Tempranillo – Vintage 2016








It is not just a saying that “good wine is made in the vineyard” – even the best winemaker can’t make great wine out of mediocre grapes after they leave the vines. So how do you make sure that top-quality grapes end up in your tanks after harvest? You pamper your grapevines, and nurse the grapes all the way through the season as they grow to maturity.







At Six Sigma Ranch we put a lot of effort into keeping the grapevines happy and healthy. Our team works hard to get just the right amount of water and organic fertilizer to the vines, protect the plants from bugs, and let those plants develop the right amount of leaves to shade the grapes from the scorching sun. The last, critical step is to keep the grapes cool during harvest. So what do you do when your grapes are perfectly ripe and ready for harvest early in the season when the summer days are still hot? You harvest at night!








The typical harvest time for our Tempranillo is late September. This year, however, the abundant crop was ready just one week into September when the temperatures during the day still got up to 95 degrees Fahrenheit (35 degrees Celsius). We were fortunate that our farming company was able to send experienced night-pickers to help us start harvest at 2 am on September 8. it was a joy to see our Six Sigma team work seamlessly together with the efficient crews, bringing the grapes to be processed while it was still cool.

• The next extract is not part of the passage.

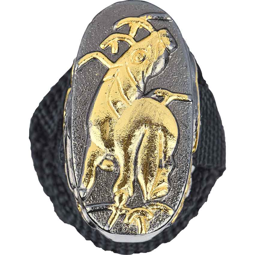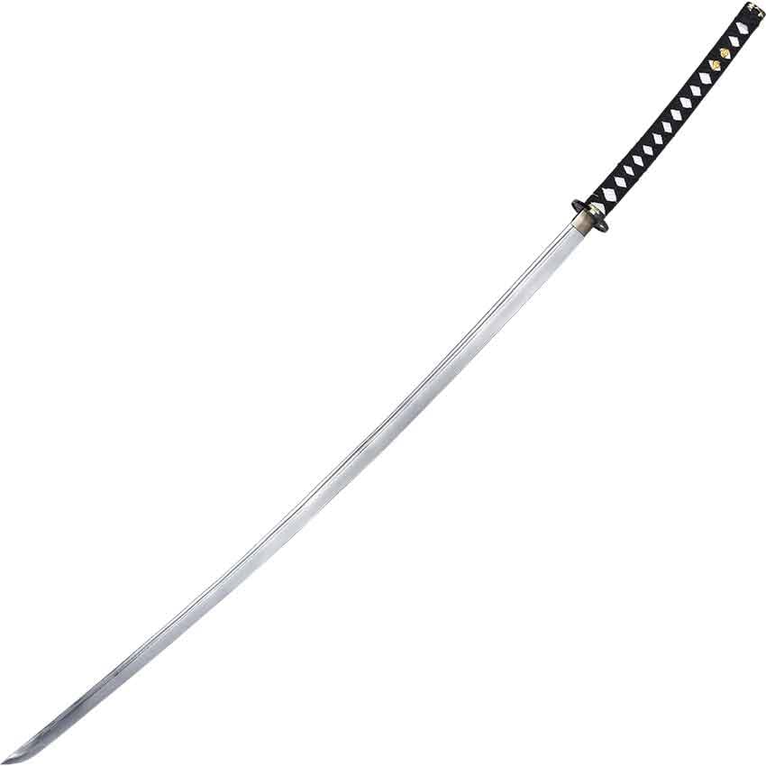 The size of a weapon often adds to its impressive appearance. The Long Dragon Odachi is no exception to this rule with its over five-foot length. This odachi has a long stainless-steel blade. A fuller runs down the length of the blade. The blade enters into the handle at a bronze-colored tsuba. A dragon adorns the tsuba. Next, the decorative weapon continues with a traditionally wrapped black handle. Finally, the odachi comes with a matching black scabbard. It adds a touch of ferocity to any decor. Display it on a wall in your home or office.

We have worked with our farming company for several years, but this year we needed help with more than just harvest. The crops are bigger than ever, so we asked a neighboring Lake County winery, Langtry Estate & Vineyard, to help us with crushing and pressing our grapes in their equipment that is much bigger than ours. Before the last load of Tempranillo grapes headed off to Langtry, we turned off the generator and the electric light and had a beautiful moment to enjoy sunrise.